Five shrugged, unconcerned. “I think they all look sharp,” he said.

“Sharp,” Vanya said, laughing softly. “You sound like such an old man sometimes.” She opened the front door and Five followed her in as she dropped the one shopping bag she had on the entryway table. He dropped his two down next to hers and stuck his hands in his pockets.

“Where is everyone?” he asked absentmindedly, wandering towards the doorway to the living room.

“I don’t know,” Vanya said, glancing towards the stairs as she followed him. She stopped when she collided with his jacket-clad back suddenly, as he had stopped walking.

She peered over his shoulder and felt the air sucked from her. She brought her hands up to her face.
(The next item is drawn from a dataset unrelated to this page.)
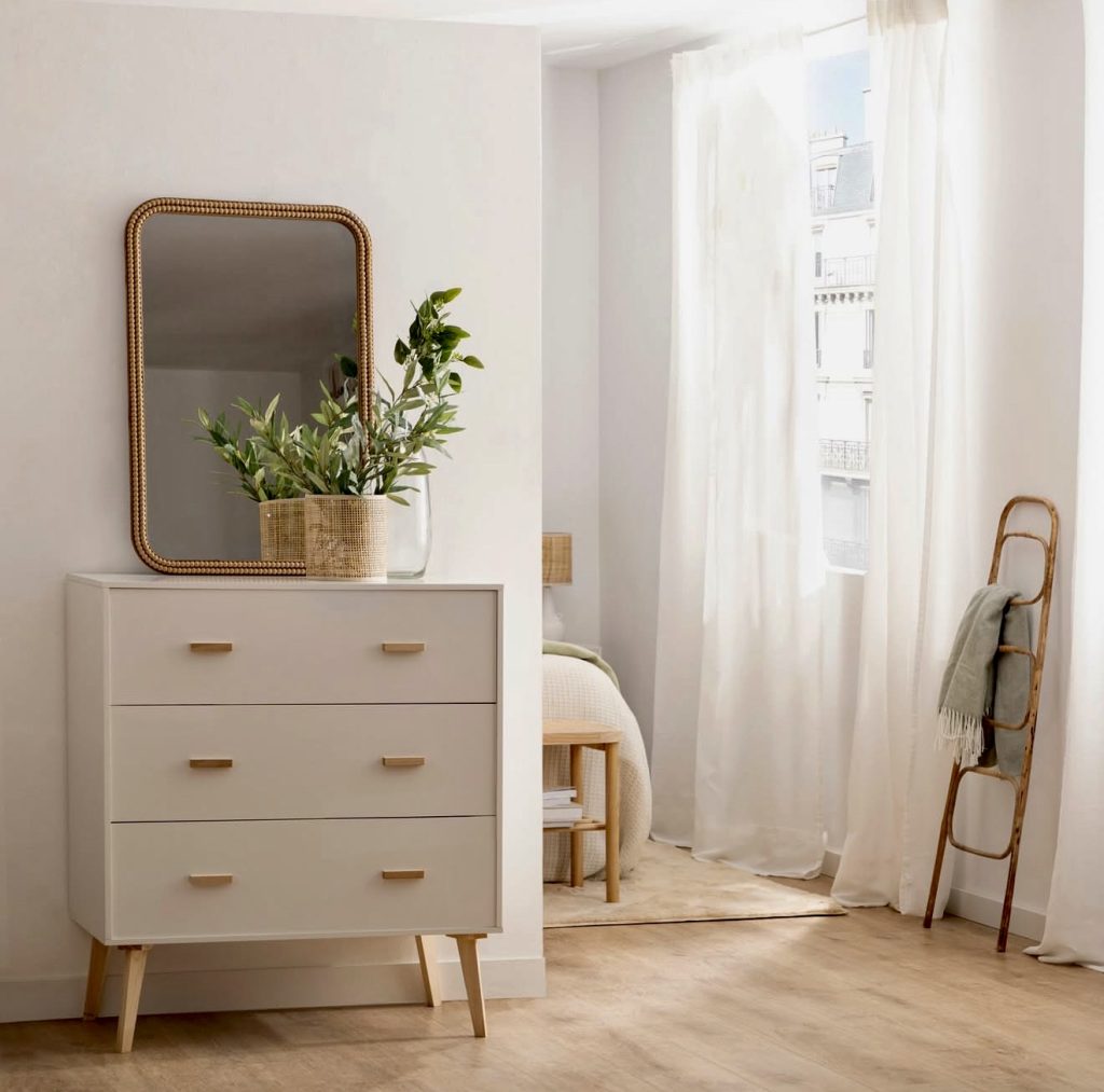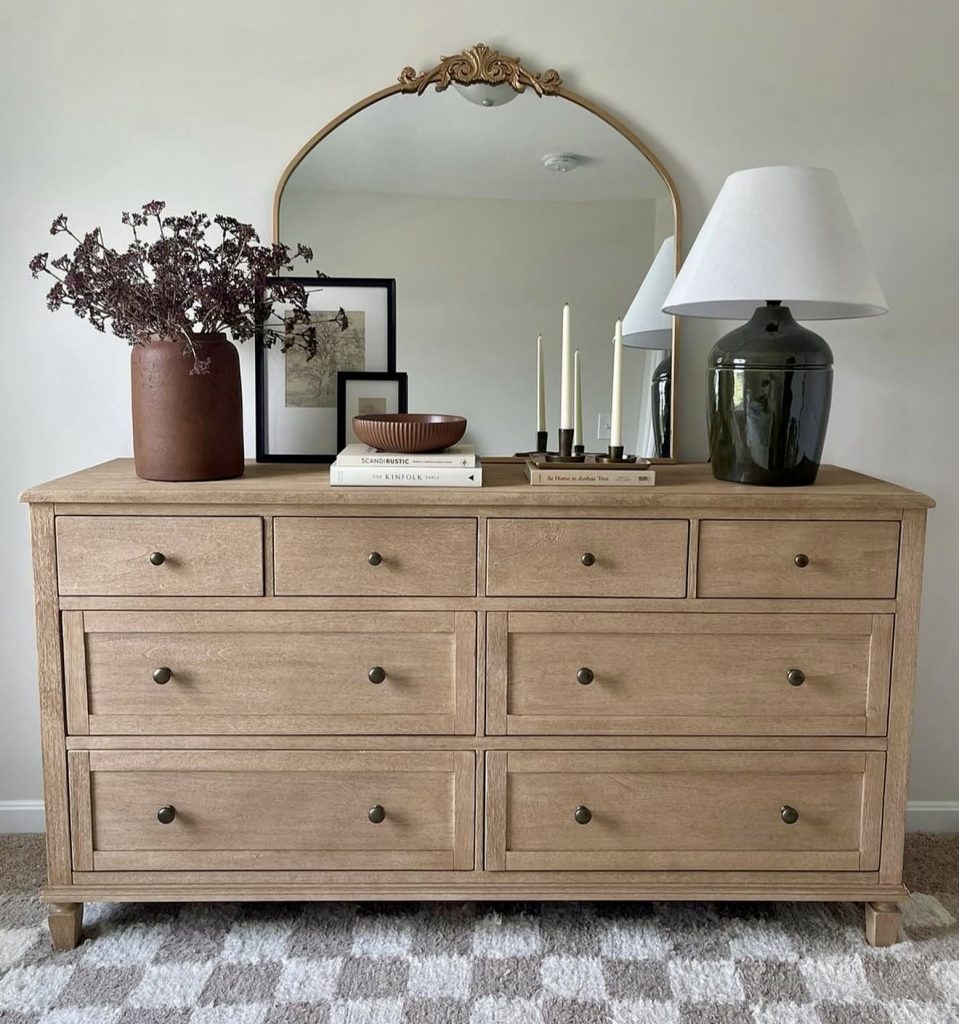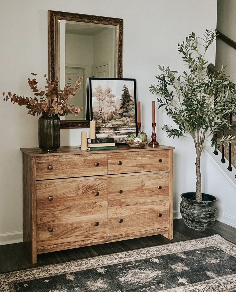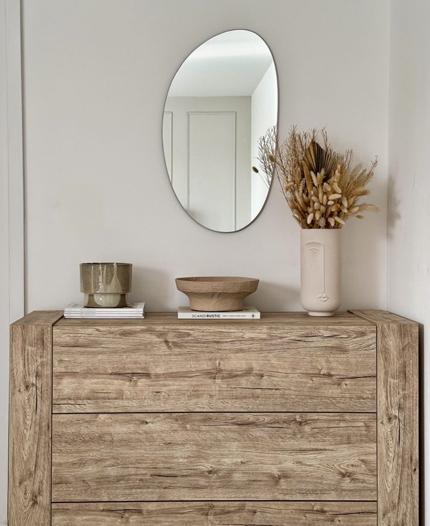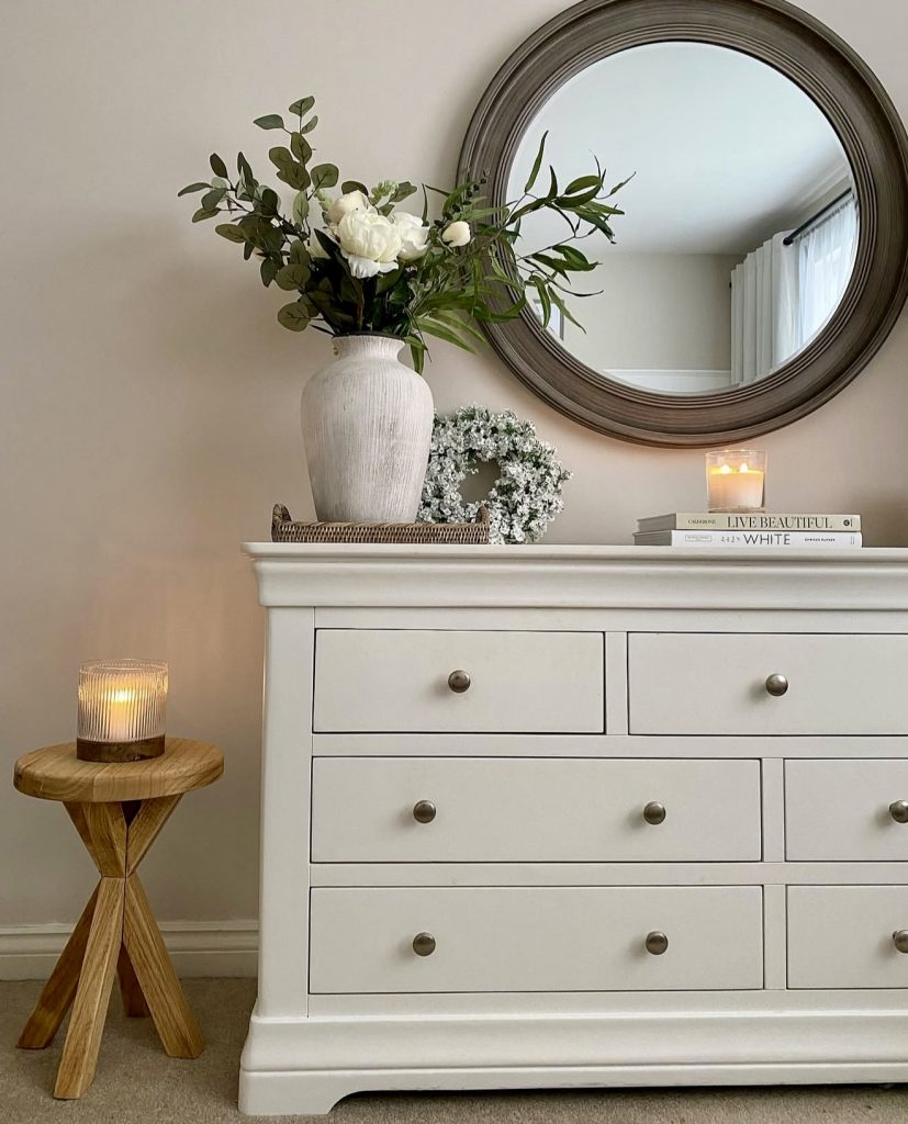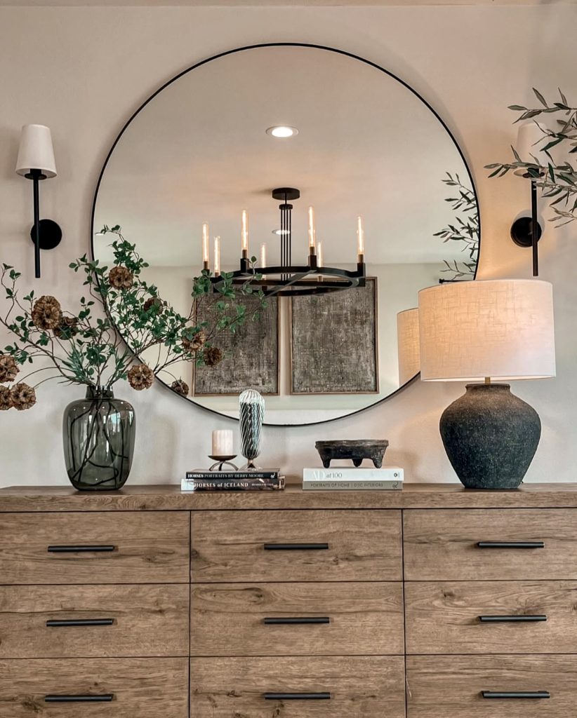 Creating a display on top of a dresser has actually emerged as one of the easiest and most dramatic ways to accomplish this. In 2026, dresser decoration must incorporate a balance of approaches to bedroom decoration that are both layered and aesthetic. In this case, a display begins and ends with a focal point in a large circular mirrored wall decoration that has a noticeable presence in a room. The wooden finish of this dresser brings a natural warmth to this display that needs to balance a large mirrored display with enough decoration to layer and add some interest. The addition of some plants in a glass display and some mixed decorative displays will provide some interest to this display.

All five of their siblings lay on the floor of the living room, lined up next to each other like they were asleep at a sick slumber party. But they weren’t only asleep, they were -

Five made a pained noise and blinked himself the few steps it took to reach Ben, the nearest sibling. He grabbed Ben’s hands where they lay resting on his chest and shook them.

“Ben,” he said roughly. “Wake up. Wake up!”

Vanya crept to Luther, who lay beside Ben. “Five,” she said.

He ignored her, blinking his way to Diego. He patted his cheek roughly.

“Five,” she said again.

“What?” he snapped.

She said nothing, but pointed at Luther’s cheek. A dark stain seemed to be slowly, slowly seeping from below his shirt. It was a dark, swirling brown, almost as though it were -

“They’re transforming,” Five said in a strangely flat voice. “It’s wood. It’s what Brooks told us about.”

Vanya looked around and realized each of their siblings had creeping, dark wood seeping across their skin. Ben’s fingers were already covered, Allison had a dark splotch taking up her entire upper arm.

“Oh god,” she whispered. “Oh god!”

“Vanya,” Five said calmly. “Go to the kitchen and get the piece of paper off of the fridge that says “Brooks” above a phone number. Call them. Tell them to get here as fast as they can.”

She nodded and didn’t stop to ask anything else. She bolted to the kitchen.

After a panicked conversation with Brooks, she came back to the living room to find Mom kneeling by Diego’s side, a hand on his chest.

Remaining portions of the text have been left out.